The basic answer is yes, at least if your main exercise is walking.

Tools of the trade

Tools of the trade

Recently, after a health issue reduced me to only walking, I purchased a Fitbit One to help me manage my weight. One of the gizmo’s selling points was its much heralded website, where I could keep track of calories consumed as well as those expended. From December 13 to January 21, I meticulously recorded everything I ate (literally counting each peanut) and wore the Fitbit at all times – even on my wrist as I slept. I also recorded my weight each morning before eating. Now I’ve taken this data and crunched some numbers.

My method focuses on long-term changes, rather than daily variations. Temporary issues such as water-retention might cause a short-term spike or dip in weight but should have less importance over many days. Unfortunately, on two days I had incomplete data. The record for Dec. 31 lacks a large number of calories consumed and expended, and the data for Jan. 8 lack a few stairs climbed and steps taken, but it’s not a major problem. So I’ve compared the balance of calories to changes in weight for Dec. 12-30, Jan. 1-21, Jan. 1-7, and Jan. 9-21.

In each period, the result is similar: Fitbit estimated that I burned moderately more calories than I consumed, and my weight declined moderately. That is, Fitbit seems to work.

  • Dec. 12-30
    • Calories in – calories out = 42,577 – 46,504 = -3,927 calories
    • Weight change = -1.6 pounds
  • Jan. 1-21
    • Calories in – calories out = 51,046 – 52,651 = -1,605
    • Weight change = -1.4 pounds

And, just in case Jan. 8’s missing calories were consequential:

  • Jan. 1-7
    • Calories in – calories out = 16,801 – 18,214 = -1,413
    • Weight change = -1.6 pounds
  • Jan. 9-21
    • Calories in – calories out = 31,399 – 31,942 = -543
    • Weight change = -.2

So, I repeat: the Fitbit One’s estimate of my calories expended, when compared to my estimate of my calories consumed, correlates pretty well with changes in my weight.

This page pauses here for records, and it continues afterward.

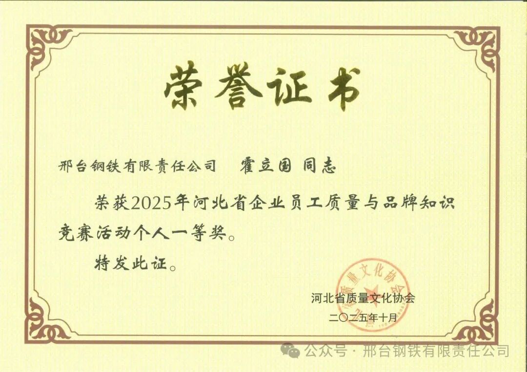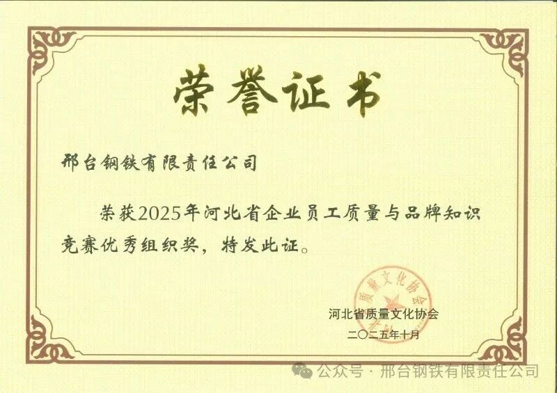 近日,2025年河北省企業(yè)員工質(zhì)量與品牌知識(shí)競(jìng)賽結(jié)果揭曉,邢臺(tái)鋼鐵有限責(zé)任公司憑借出色的組織工作和員工優(yōu)異的答題表現(xiàn),榮獲“優(yōu)秀組織獎(jiǎng)”,6名員工分獲個(gè)人一、二、三等獎(jiǎng)。
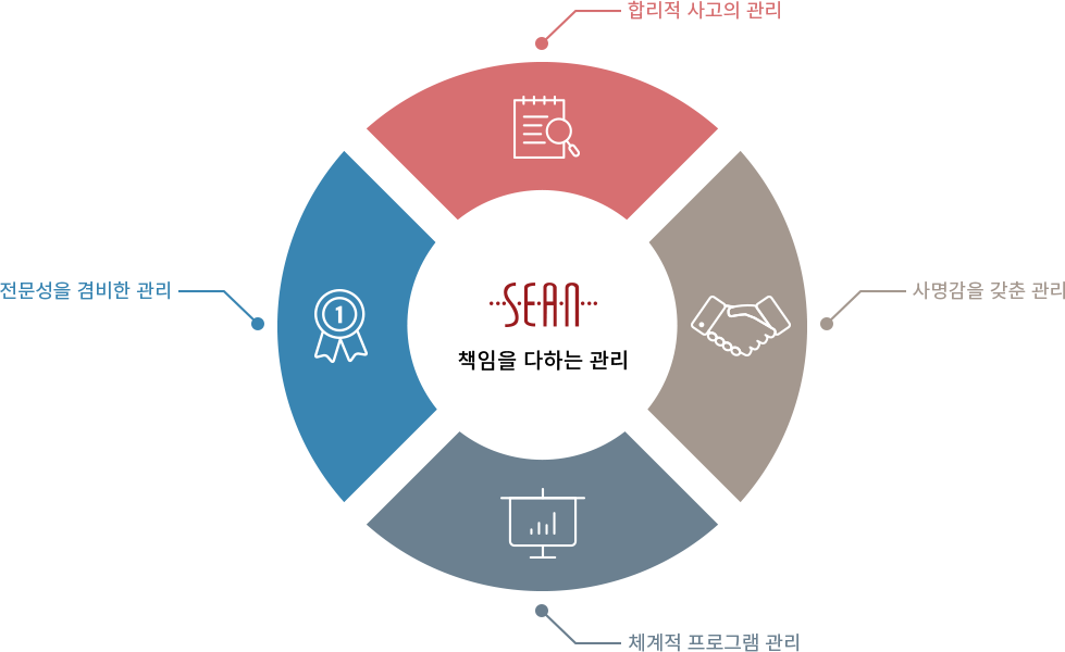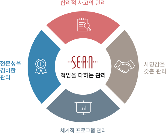 세안그룹(이하 (주)세안텍스, 세안에이앤에이(주))은 합리성과 인간미 및 경쟁력을 사훈으로 하여 합리적인 관리를 목표로 체계적인 건물관리 프로그램을 운영하고 있습니다. 전문성을 겸비한 전문가들이 책임을 다하는 건물관리를 제공하고 있으며 고객 여러분의 자산가치를 극대화 하기 위해 세안그룹은 오늘도 도전을 멈추지 않는 열정으로 고객님의 자산을 관리하고 있습니다.
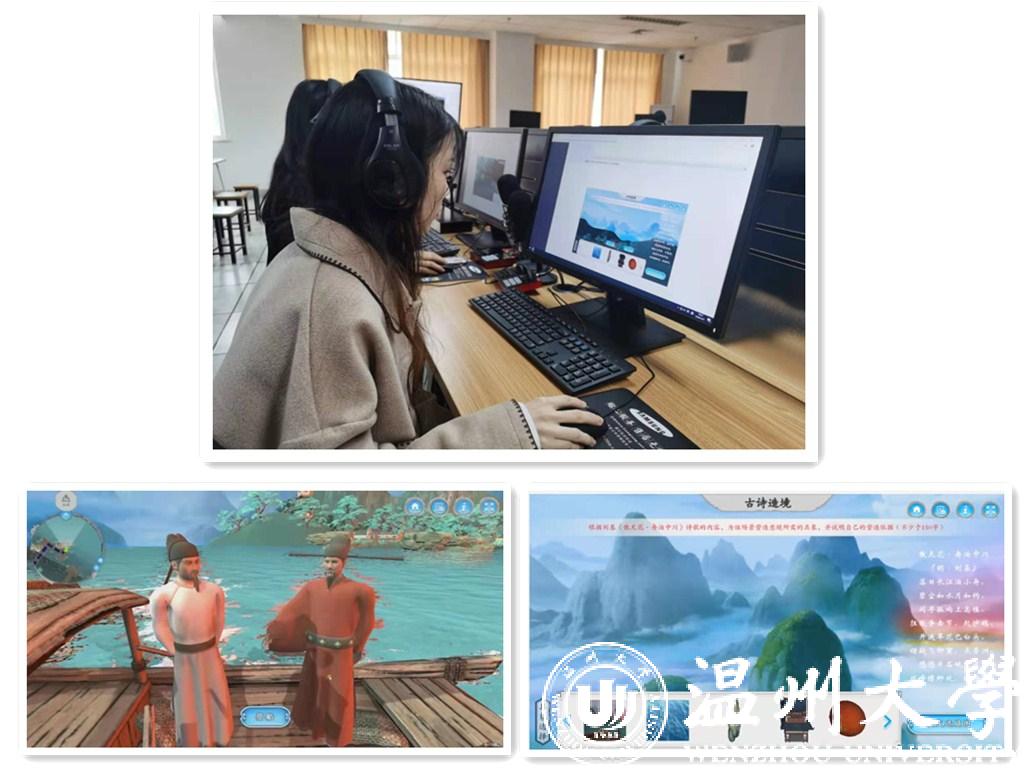 “这一教学项目打破了传统课堂输入式的教学模式,而是以闯关游戏、角色扮演等方式,启发学生学习兴趣,在游戏体验的过程中实现自主性学习、研究性学习。”项目负责人洪之渊老师介绍说,在这种虚拟仿真实验教学中,学生正幻化为谢灵运,在江心屿偶遇孟浩然、文天祥,还可以一起探讨诗歌。
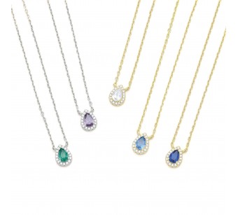 Ασημένιο Μενταγιόν σε σχήμα δάκρυ σε χρώμα μετάλλου ασημί, χρυσό Κ14 με χρωματιστές πέτρες ζιργκον ένα υπέροχο κομψό κόσμημα για να το φοράτε στη καθημερινότητα σας και με ασφαλές κούμπωμα στην αλυσίδα.
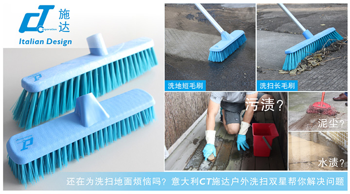 意大利CT施達(dá)推出的新品戶外洗掃刷“雙星”能幫你輕松解決這些問(wèn)題,施達(dá)戶外毛刷采用優(yōu)質(zhì)PET材料,刷毛具有韌性強(qiáng)、耐磨度高且不容易彎曲變形等特點(diǎn),無(wú)論是刷洗污漬還是清掃泥沙都能讓你稱心如意,具有清潔效果好、使用壽命長(zhǎng)的優(yōu)點(diǎn)。
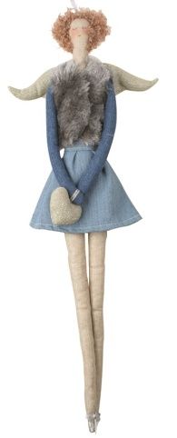 Andělka látková na zavěšení, ve džínovém a šedé vestě 43 cm

In short, it works for me.

Here are some caveats:

  • I barely performed any other sort of activity, such as running, cycling, or weightlifting. Fitbit’s estimates might be less accurate for those exercises.
  • Other Fitbit devices work differently, so their estimates probably will differ as well.
  • While the direction of change always matched, the ratio of caloric deficit to pounds lost differed for each period. Probably this was due to Fitbit’s inaccuracy in combination with the vagaries of digestion. Here’s the data:
    • Dec. 13-30: 2454 calories/lb.
    • Jan. 1-7: 883 calories/lb.
    • Jan. 9-21: 2715 calories/lb.
    • Combining these three periods, the ‘weighted’ average is: 2254 calories/lb.
    • That is, for each pound lost, I burned 2254 more calories than I consumed. Essentially, if I didn’t consume any calories for a day but maintained my level of activity, I’d lose a little more than a pound.

2 responses to “Does Fitbit One estimate calories accurately?

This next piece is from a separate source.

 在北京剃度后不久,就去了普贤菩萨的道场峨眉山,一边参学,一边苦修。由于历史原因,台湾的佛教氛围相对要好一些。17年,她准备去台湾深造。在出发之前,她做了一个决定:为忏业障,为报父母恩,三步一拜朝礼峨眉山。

  1. Wow, so technical, impressive! What I’d like is some way to track calories “automatically.” I am challenged to take the time to write stuff down and then figure out how many calories is each peanut…

    Liked by 1 person

    • Yeah, the data ended when my commitment ended. But, after a month of peanut counting, I have a pretty good idea of how much I can eat if I don’t want to look like a marshmallow.